Before I go the ship my tivo away route (NO NOT THAT!!!!!) connect my tivo to another box here is what has happened.

I noticed one day that a stereo signal (not dolby) was not going to TV from the tivo over its coax connector. So I disconnected my DVD player from my TV and plugged in the RCA connectors from my Tivo to my TV and poof my TV is receiving a stereo signal. Before I risk moving my precious Tivo to other TVs in the house does the Tivo send out a stereo signal off its coax? Is there someway I could have accidentally turned that signal off? Is what Hughes is going to do is send me another one in which I'll have to re-set all my season passes (60+) and send my original back?


----------



## HappyGoLucky (Jan 11, 2004)

mrwinc said:


> Before I go the ship my tivo away route (NO NOT THAT!!!!!) connect my tivo to another box here is what has happened.
> 
> I noticed one day that a stereo signal (not dolby) was not going to TV from the tivo over its coax connector. So I disconnected my DVD player from my TV and plugged in the RCA connectors from my Tivo to my TV and poof my TV is receiving a stereo signal. Before I risk moving my precious Tivo to other TVs in the house does the Tivo send out a stereo signal off its coax? Is there someway I could have accidentally turned that signal off? Is what Hughes is going to do is send me another one in which I'll have to re-set all my season passes (60+) and send my original back?

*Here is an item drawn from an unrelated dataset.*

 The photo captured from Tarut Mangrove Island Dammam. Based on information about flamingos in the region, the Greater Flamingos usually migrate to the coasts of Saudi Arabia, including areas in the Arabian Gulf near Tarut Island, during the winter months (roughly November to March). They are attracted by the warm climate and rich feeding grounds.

Most receivers do NOT send a stereo audio signal via the coax (RF) connection. It is technically possible to do so but requires more expensive RF signal generation electronics. Most companies simply don't do that in order to save total cost on the machine. The Tivo units do not send a stereo signal via the RF (coax) connection, you must either connect via the RCA cables or the Dolby Digital output.

You can purchase a stereo RF modulator from places like Radio Shack, but I cannot guarantee it would work reliably with a satellite receiver.


----------



## mrwinc (Jan 16, 2004)

HappyGoLucky said:


> The Tivo units do not send a stereo signal via the RF (coax) connection, you must either connect via the RCA cables or the Dolby Digital output.

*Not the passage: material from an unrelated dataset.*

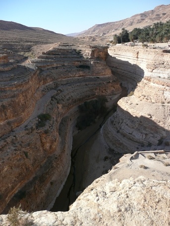Midès, al borde de un desfiladero a 400 mts de la frontera argelina. Se trata de una garganta de altas paredes formada por un río casi seco, en cuya parte alta se encuentra el pueblo rodeado de un frondoso palmeral. Algunos senderos bajan al fondo del cañón, desde el que un paseo de 7km nos llevaría hasta Tamerza. Esta impresionante garganta fue usada como estructura defensiva natural en el pasado, y se rodaron las escenas del accidente aéreo de "El paciente inglés". Al otro lado del cañón, junto al pueblo beréber hay un café y puestos de recuerdos.

Cool.... I thought I was going crazy or the Dtivo was damaged when I noticed it. I've had the tivo setup in the bedroom for a few months now and have always just been amazed regarding the DVR functionality that I didn't even pay attention to the audio quality. When listening to music it makes a difference.

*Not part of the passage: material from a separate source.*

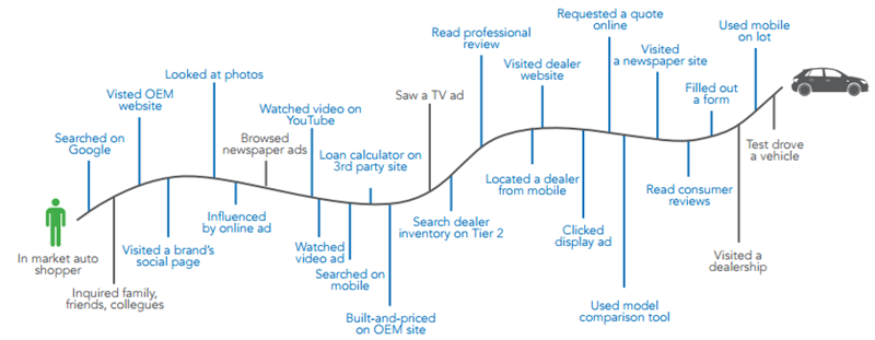 If we look at the automotive industry to highlight this consumer trend, we can see that during the purchasing process there are 24 key touchpoints (illustration below) 19 of which are now digital – including online searches, online adverts, social media pages, clicking display adverts, compared to the traditional touchpoints of newspaper adverts, visiting dealerships and seeing TV adverts.

I guess this is ONE thing that cable has up on a DTV. The only thing.


----------



## boba (May 23, 2003)

No cable dosen't have one up there either most cable channels are not broadcast in stereo either. If you want stereo on coax you can buy stereo modulators from about $75. Both DISH and Directv are going to be offering built in stereo modulators on some receivers. Motorola and Cable Electronics have released a chip that will be used by both companies(DISH & Directv) to give stereo and agile modulation to some future models.


----------



## ccwf (Dec 4, 2003)

Lots and lots of cable channels are broadcast in stereo or even DD5.1.

However, most cable boxes, too, do not output stereo over RF. As many have stated, to date, stereo RF modulation has been expensive, so it's pretty uncommon for A/V equipment to include such an expensive part for functionality that most people don't need and which would _still_ result in inferior audio quality compared to using the left/right stereo cables.


----------



## Chris Freeland (Mar 24, 2002)

The only time I would use RF coax to send audio and video signals from a satellite receiver or any king of STB for that matter to a TV is either a) a remote TV over 25' from the box or b) an older TV that does not have A/V composite (rca) inputs. For analog stereo sound the best way is composite, if you must go the RF coaxial rout for a remote TV, RS has a stereo modulator for about $35, however you connect box to modulator through your L/R composite cables. The best Video is through component connections, however most sd satellite receivers and many TV's do not support component video. 2nd best for video is S-Video which all satellite receivers and many TV's support. Better then RF coax for video is composite (rca), RF coax is the worst way to go for both sound and video quality. Best audio connections is debatable between optical and digital coax (not to be confused with RF coax). Have I confused you enough yet  .


----------



## rodb (Dec 5, 2003)

S-Video MTS stereo Modulators:

http://www.multiplextechnology.com/channelplus/newproducts/svm2224.html


----------



## Chris Freeland (Mar 24, 2002)

rodb said:


> S-Video MTS stereo Modulators:
> 
> http://www.multiplextechnology.com/channelplus/newproducts/svm2224.html


Those look great but how much are those puppy's $$$$$$$$$$$$$?


----------



## jdspencer (Nov 8, 2003)

Here's a couple more with prices.

http://www.smarthome.com/7781.html


----------



## rodb (Dec 5, 2003)

A quick Google search and I found the ChannelPlus SVM-24 four channel stereo modulator for $482.93. And, it has S-Video input.


----------



## scooper (Apr 22, 2002)

Chris Freeland said:


> Those look great but how much are those puppy's $$$$$$$$$$$$$?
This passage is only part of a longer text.